DATASET CONTENT:
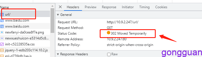 此时通过浏览器访问http://10.9.2.247/url/ 将重定向到百度页面,查看返回状态码,如图:
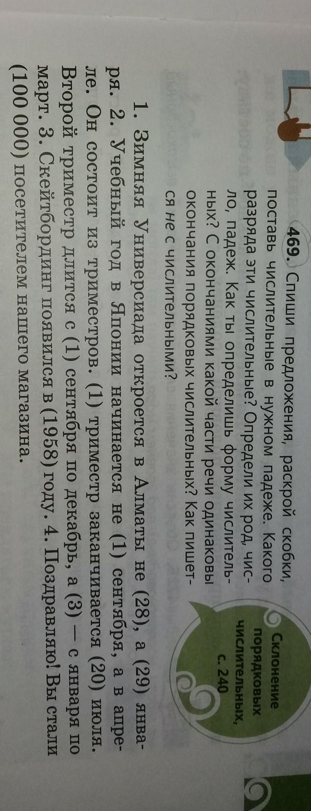 Зимняя Универсиада откроется в Алматы не двадцать восьмого, двадцать девятого января. Учебный год в Японии начинается не первого сентября, а в апреле.Он состоит из триместров. Один триместр заканчивается двадцатого июля. Второй триместр длится с первого сентября по декабрь, а третий - с января по март. Скейтбординг появился в одна тысяча девятьсот пятьдесят восьмом году. Поздравляю! Вы стали сто тысячным посетителем нашего магазина.
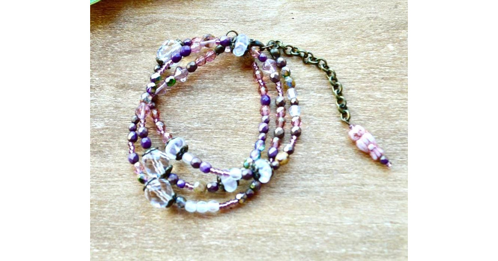 Pink Beaded Wrap Bracelet: Antique Brass Owl Charm, Boho Jewelry

WHAT THE EXERCISE ASKS: The required output is every line of the data above, set down exactly and stripped of pictures.

ANSWER SECTION:
 此时通过浏览器访问http://10.9.2.247/url/ 将重定向到百度页面,查看返回状态码,如图:
 Зимняя Универсиада откроется в Алматы не двадцать восьмого, двадцать девятого января. Учебный год в Японии начинается не первого сентября, а в апреле.Он состоит из триместров. Один триместр заканчивается двадцатого июля. Второй триместр длится с первого сентября по декабрь, а третий - с января по март. Скейтбординг появился в одна тысяча девятьсот пятьдесят восьмом году. Поздравляю! Вы стали сто тысячным посетителем нашего магазина.
 Pink Beaded Wrap Bracelet: Antique Brass Owl Charm, Boho Jewelry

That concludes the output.